ENTRIES SUPPLIED —
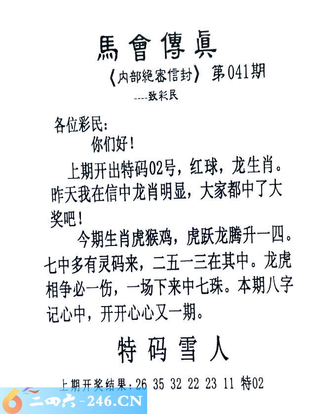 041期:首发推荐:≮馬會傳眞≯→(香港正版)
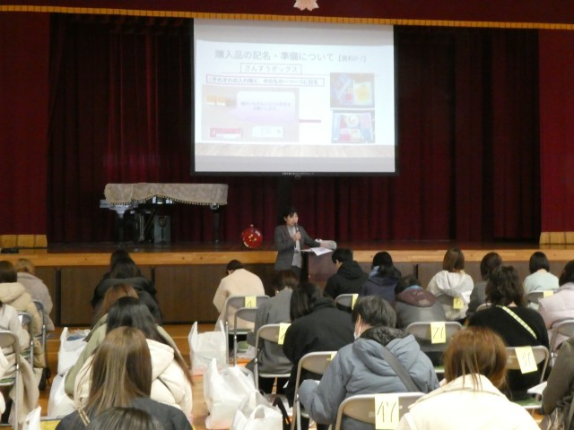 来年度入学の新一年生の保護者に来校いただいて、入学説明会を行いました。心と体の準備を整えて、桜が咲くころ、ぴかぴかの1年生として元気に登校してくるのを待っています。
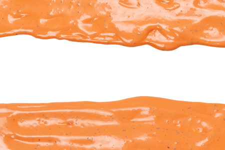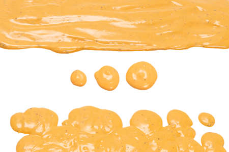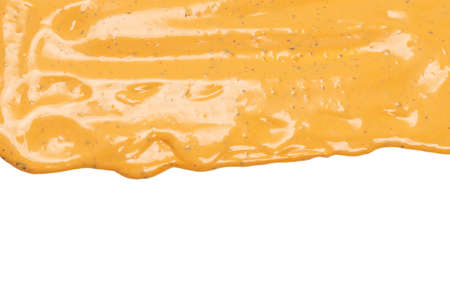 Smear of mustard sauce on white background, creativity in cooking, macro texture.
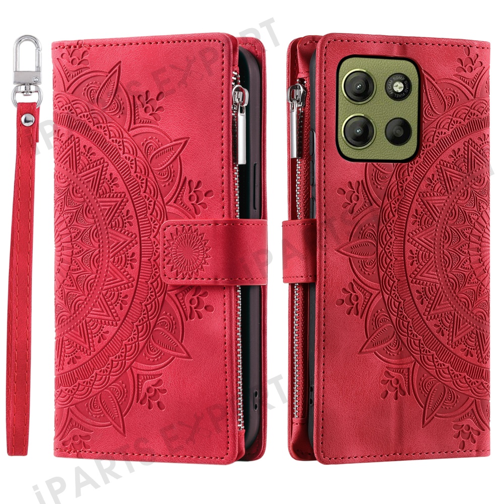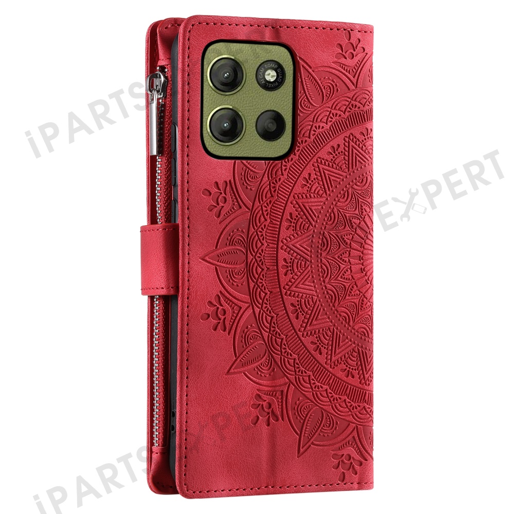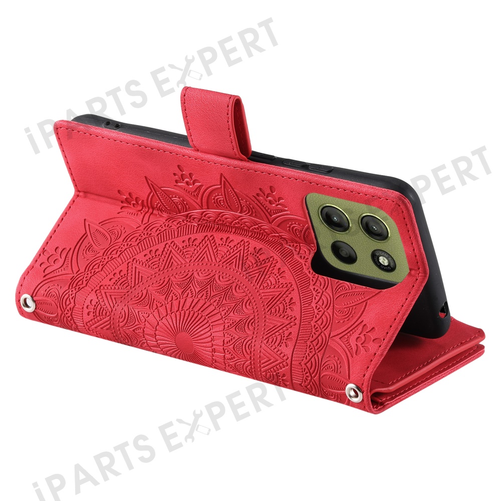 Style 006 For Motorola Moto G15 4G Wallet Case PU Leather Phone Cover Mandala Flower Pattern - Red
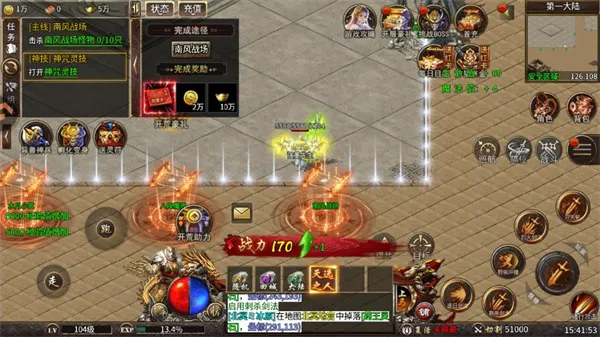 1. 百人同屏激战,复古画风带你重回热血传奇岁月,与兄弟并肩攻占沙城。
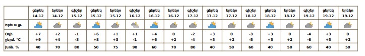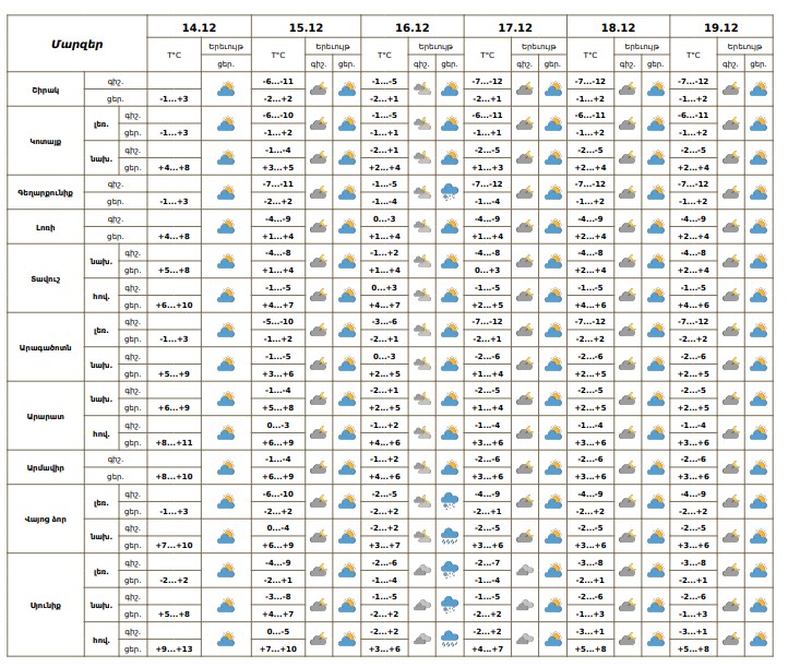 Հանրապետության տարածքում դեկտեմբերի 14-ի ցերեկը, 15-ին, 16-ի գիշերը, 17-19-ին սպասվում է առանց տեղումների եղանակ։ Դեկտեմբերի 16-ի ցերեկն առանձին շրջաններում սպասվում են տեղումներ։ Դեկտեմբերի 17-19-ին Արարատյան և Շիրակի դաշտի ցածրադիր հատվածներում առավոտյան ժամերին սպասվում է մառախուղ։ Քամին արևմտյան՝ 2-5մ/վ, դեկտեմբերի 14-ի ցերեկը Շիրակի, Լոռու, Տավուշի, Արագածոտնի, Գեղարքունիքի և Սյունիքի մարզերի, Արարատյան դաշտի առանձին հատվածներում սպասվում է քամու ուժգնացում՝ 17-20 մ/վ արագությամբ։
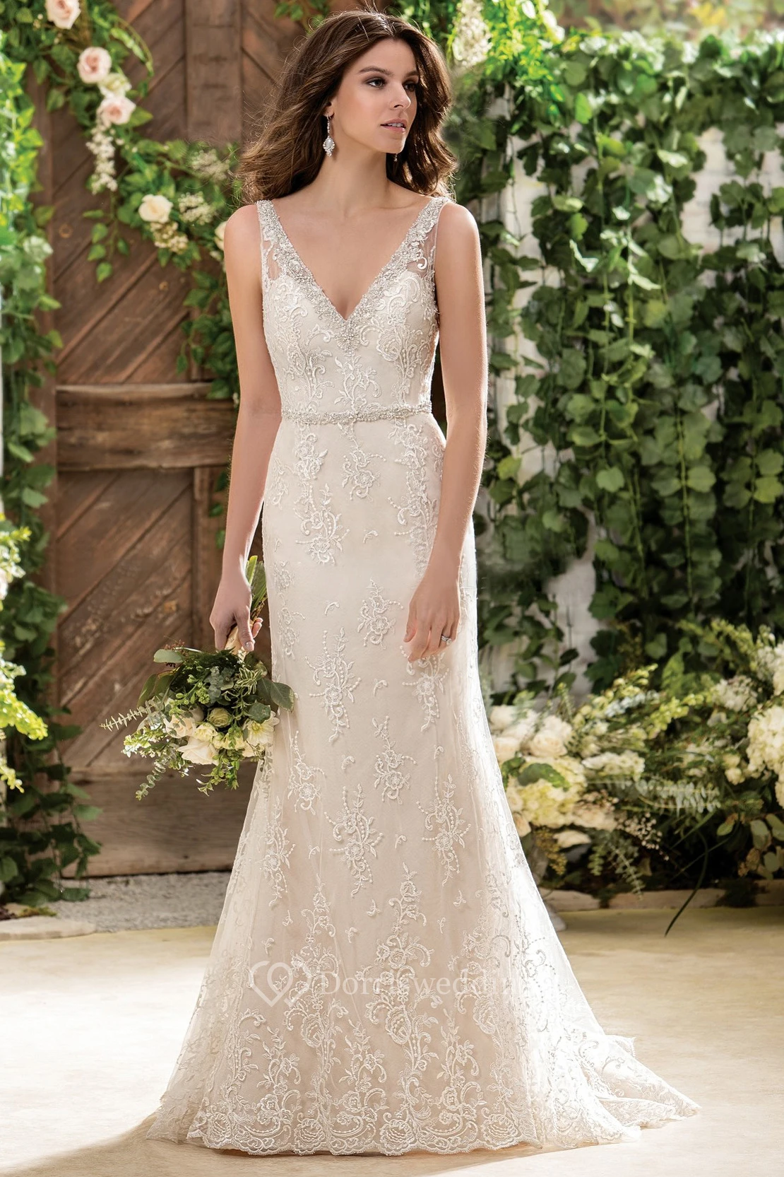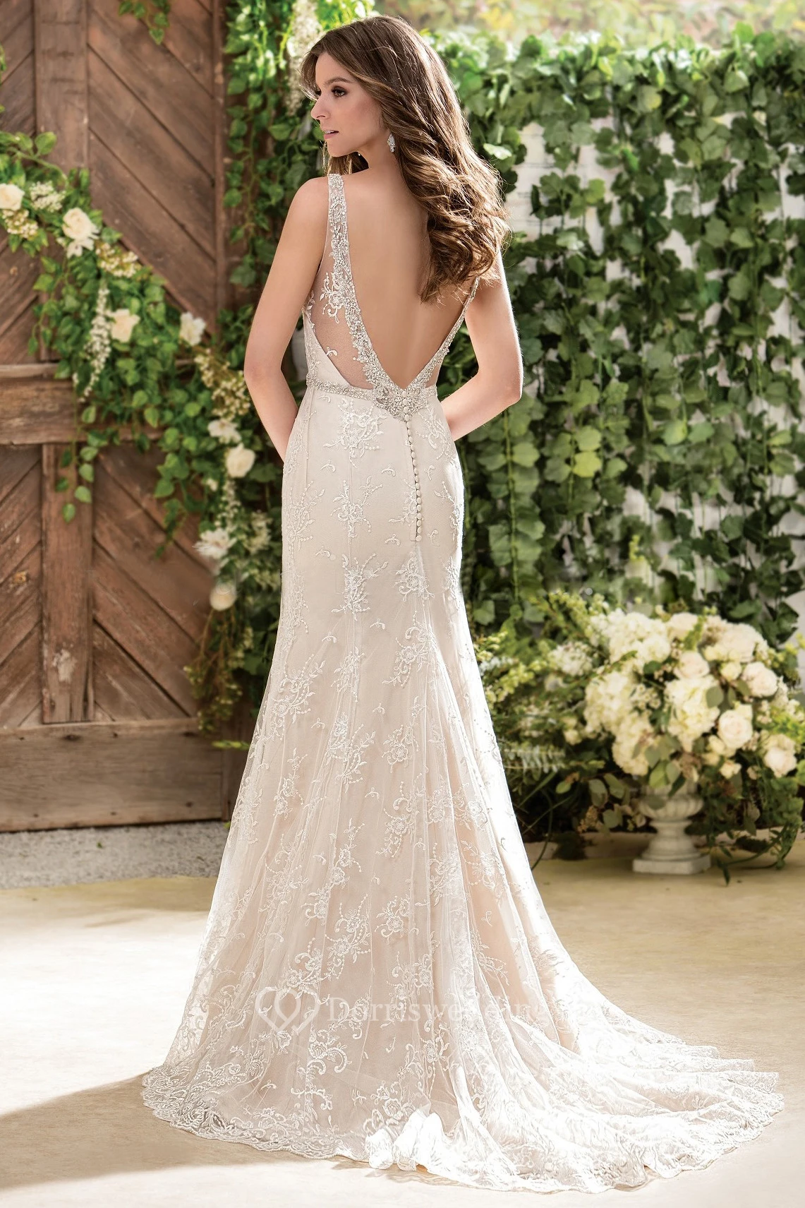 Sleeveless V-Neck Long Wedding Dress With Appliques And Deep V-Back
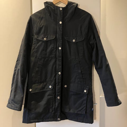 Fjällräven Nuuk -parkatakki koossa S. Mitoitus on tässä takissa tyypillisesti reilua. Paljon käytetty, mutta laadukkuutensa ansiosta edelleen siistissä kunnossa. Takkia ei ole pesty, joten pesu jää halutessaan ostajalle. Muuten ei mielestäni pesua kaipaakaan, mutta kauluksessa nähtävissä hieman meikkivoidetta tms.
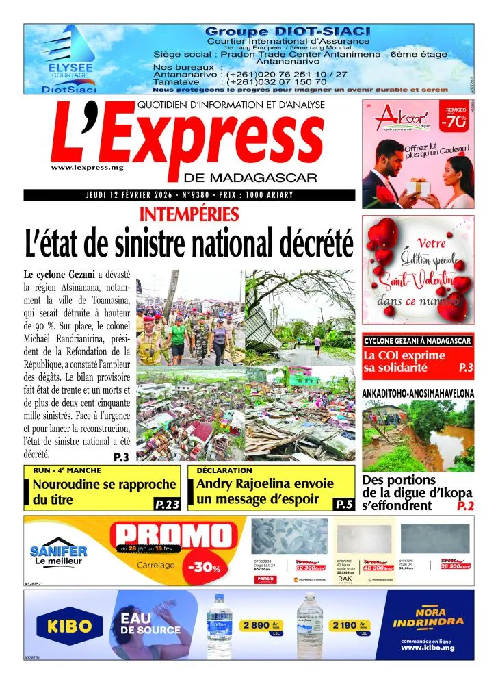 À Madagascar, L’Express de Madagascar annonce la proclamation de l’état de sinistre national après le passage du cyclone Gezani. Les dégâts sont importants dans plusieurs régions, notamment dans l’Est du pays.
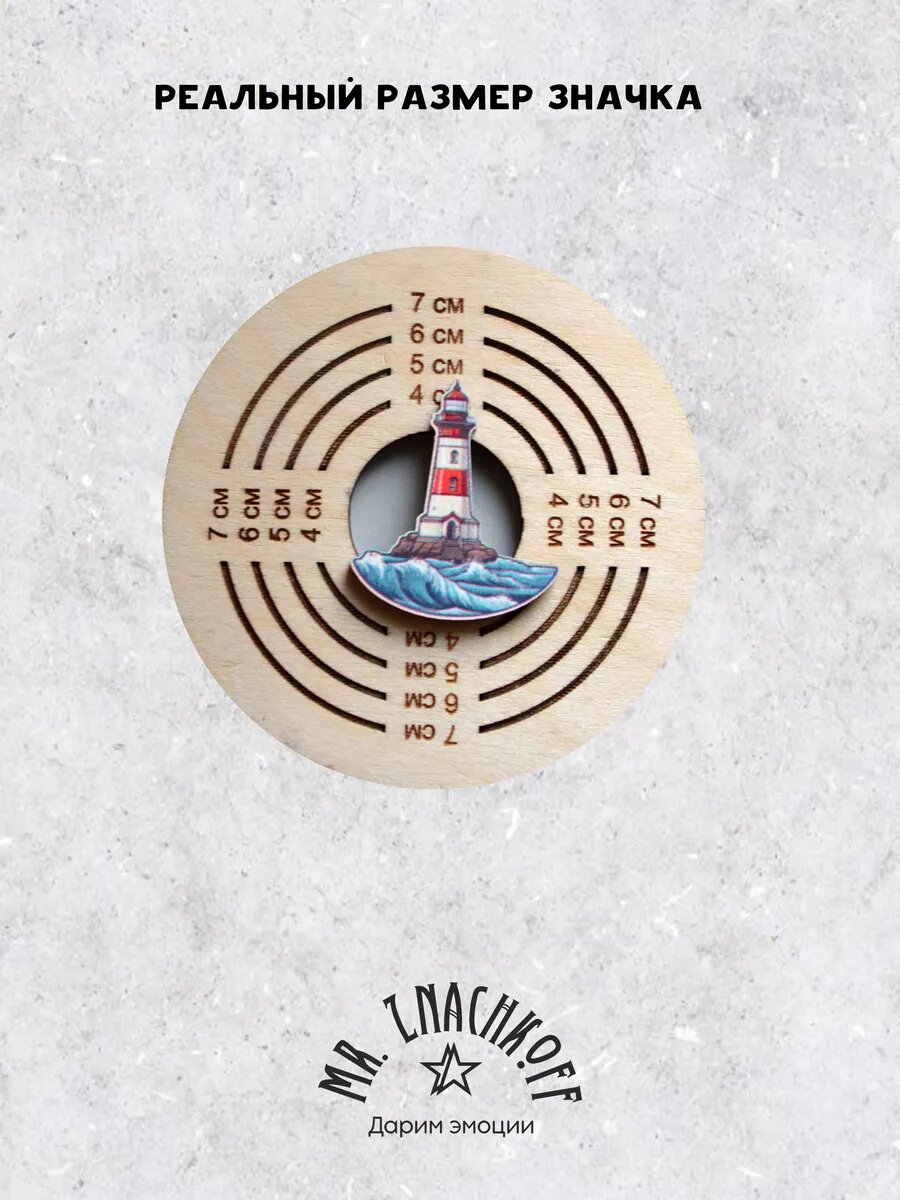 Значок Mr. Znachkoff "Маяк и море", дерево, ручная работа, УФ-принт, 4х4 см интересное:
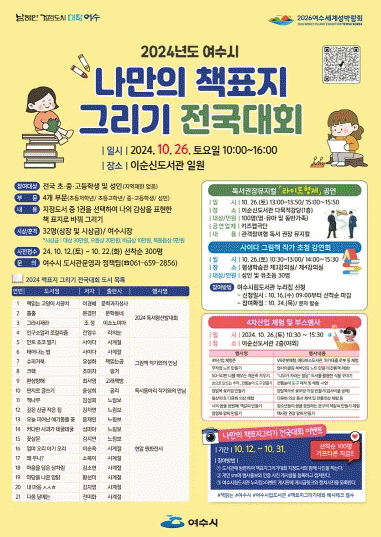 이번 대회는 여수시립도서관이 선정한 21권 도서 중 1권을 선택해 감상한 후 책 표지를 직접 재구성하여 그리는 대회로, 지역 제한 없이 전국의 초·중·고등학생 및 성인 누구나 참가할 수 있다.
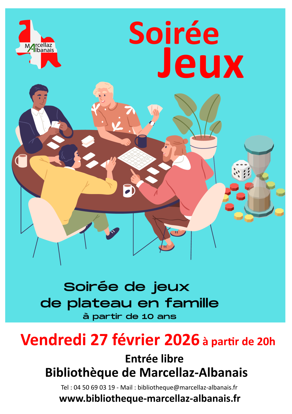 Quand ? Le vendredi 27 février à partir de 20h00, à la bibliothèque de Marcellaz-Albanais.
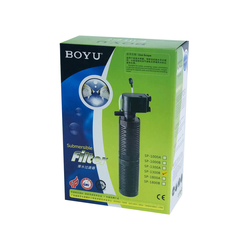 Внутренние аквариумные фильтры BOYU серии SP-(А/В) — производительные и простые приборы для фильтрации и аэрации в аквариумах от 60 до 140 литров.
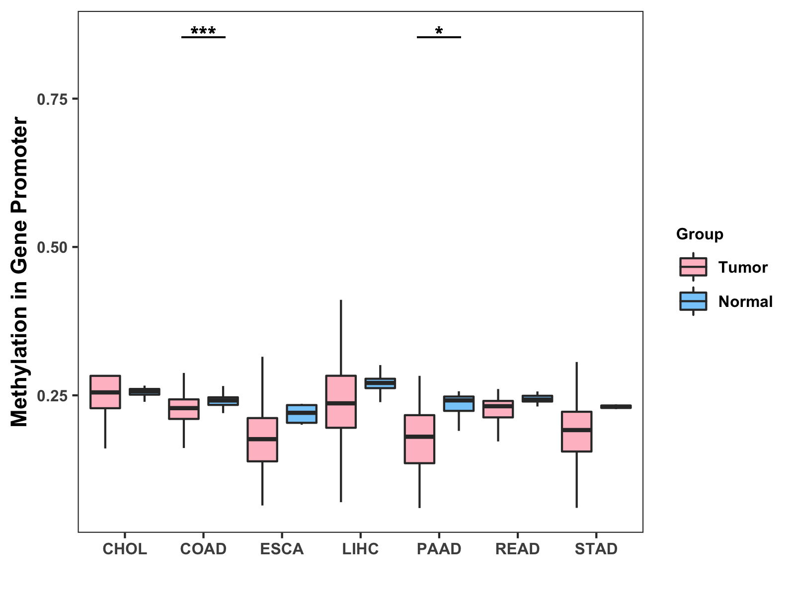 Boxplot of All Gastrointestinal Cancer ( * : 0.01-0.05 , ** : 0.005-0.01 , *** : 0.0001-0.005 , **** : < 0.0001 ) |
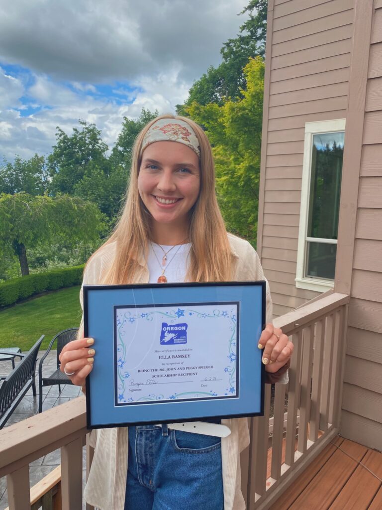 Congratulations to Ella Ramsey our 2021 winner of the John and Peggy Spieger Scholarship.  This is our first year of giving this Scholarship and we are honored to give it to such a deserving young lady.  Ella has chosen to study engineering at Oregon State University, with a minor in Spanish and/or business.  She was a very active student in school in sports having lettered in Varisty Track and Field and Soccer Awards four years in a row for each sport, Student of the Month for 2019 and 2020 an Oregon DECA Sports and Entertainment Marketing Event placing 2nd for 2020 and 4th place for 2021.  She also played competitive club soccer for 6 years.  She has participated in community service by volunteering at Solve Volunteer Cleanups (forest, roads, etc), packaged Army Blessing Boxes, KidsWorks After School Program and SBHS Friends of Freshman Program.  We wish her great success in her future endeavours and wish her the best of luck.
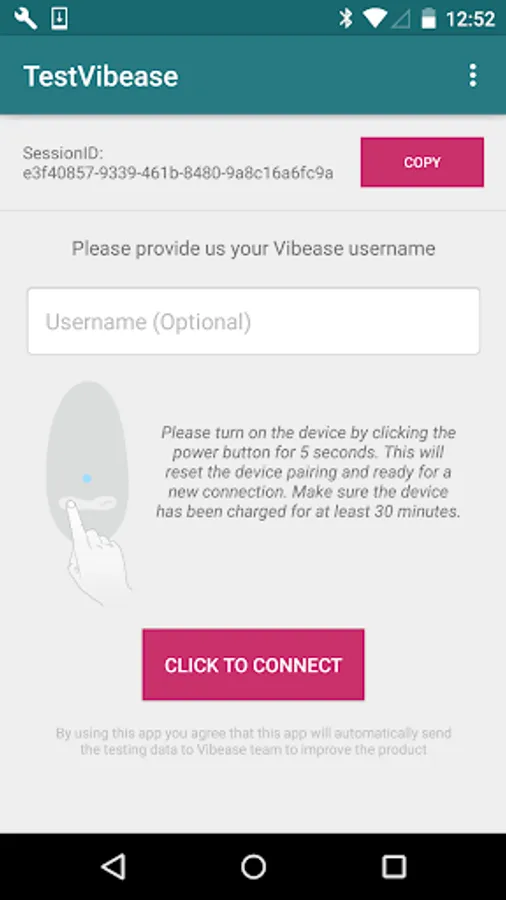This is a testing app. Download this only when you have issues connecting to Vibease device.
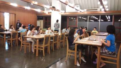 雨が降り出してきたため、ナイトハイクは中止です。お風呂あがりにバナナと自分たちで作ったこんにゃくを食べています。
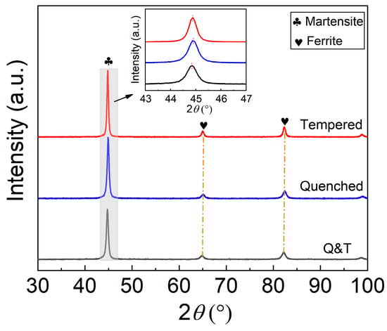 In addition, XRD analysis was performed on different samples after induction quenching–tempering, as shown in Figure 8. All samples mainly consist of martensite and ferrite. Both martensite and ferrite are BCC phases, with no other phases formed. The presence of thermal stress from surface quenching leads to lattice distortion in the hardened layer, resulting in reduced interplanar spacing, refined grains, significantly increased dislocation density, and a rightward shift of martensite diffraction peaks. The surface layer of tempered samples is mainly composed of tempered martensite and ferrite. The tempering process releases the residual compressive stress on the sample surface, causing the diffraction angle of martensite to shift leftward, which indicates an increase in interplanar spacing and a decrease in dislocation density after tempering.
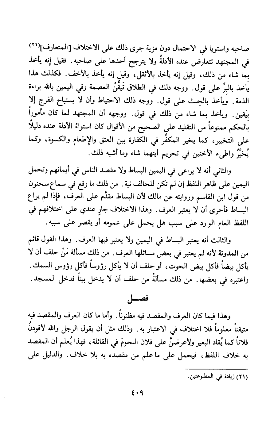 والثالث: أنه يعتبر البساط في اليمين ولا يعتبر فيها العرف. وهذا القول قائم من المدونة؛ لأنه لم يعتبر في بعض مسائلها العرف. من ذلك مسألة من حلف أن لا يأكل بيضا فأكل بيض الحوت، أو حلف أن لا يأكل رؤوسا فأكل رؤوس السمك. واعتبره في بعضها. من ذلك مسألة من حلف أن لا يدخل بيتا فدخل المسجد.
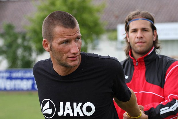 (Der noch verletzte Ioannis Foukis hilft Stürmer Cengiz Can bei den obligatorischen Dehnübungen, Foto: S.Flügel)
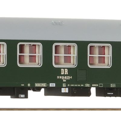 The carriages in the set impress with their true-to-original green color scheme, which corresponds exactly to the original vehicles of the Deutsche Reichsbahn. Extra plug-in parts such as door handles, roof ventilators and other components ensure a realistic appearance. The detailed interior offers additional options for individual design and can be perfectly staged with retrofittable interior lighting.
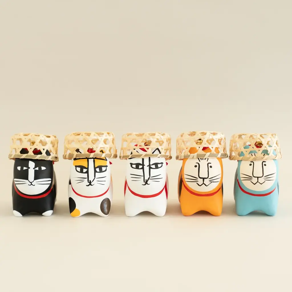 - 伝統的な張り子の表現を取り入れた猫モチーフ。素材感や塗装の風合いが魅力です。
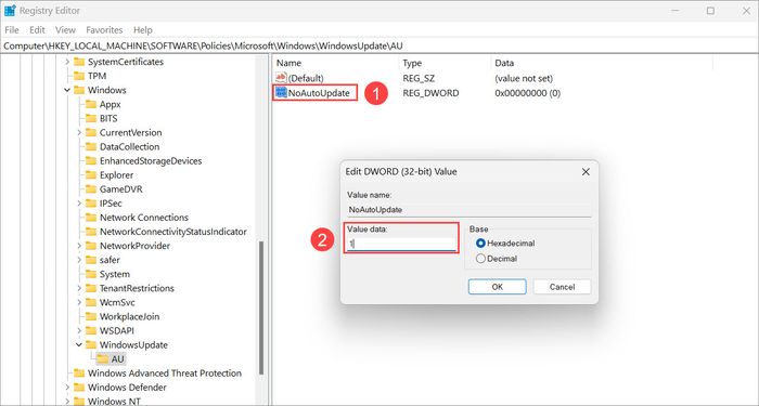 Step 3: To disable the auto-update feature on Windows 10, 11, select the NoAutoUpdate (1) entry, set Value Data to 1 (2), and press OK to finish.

TO DO — Look above for the line with "Հանրապետության տարածքում դեկտեմբերի" and the line with "Sleeveless V-Neck Long". Give again exactly those two lines and all lines between them, pictures excluded.

RESULT —
 Հանրապետության տարածքում դեկտեմբերի 14-ի ցերեկը, 15-ին, 16-ի գիշերը, 17-19-ին սպասվում է առանց տեղումների եղանակ։ Դեկտեմբերի 16-ի ցերեկն առանձին շրջաններում սպասվում են տեղումներ։ Դեկտեմբերի 17-19-ին Արարատյան և Շիրակի դաշտի ցածրադիր հատվածներում առավոտյան ժամերին սպասվում է մառախուղ։ Քամին արևմտյան՝ 2-5մ/վ, դեկտեմբերի 14-ի ցերեկը Շիրակի, Լոռու, Տավուշի, Արագածոտնի, Գեղարքունիքի և Սյունիքի մարզերի, Արարատյան դաշտի առանձին հատվածներում սպասվում է քամու ուժգնացում՝ 17-20 մ/վ արագությամբ։
 Sleeveless V-Neck Long Wedding Dress With Appliques And Deep V-Back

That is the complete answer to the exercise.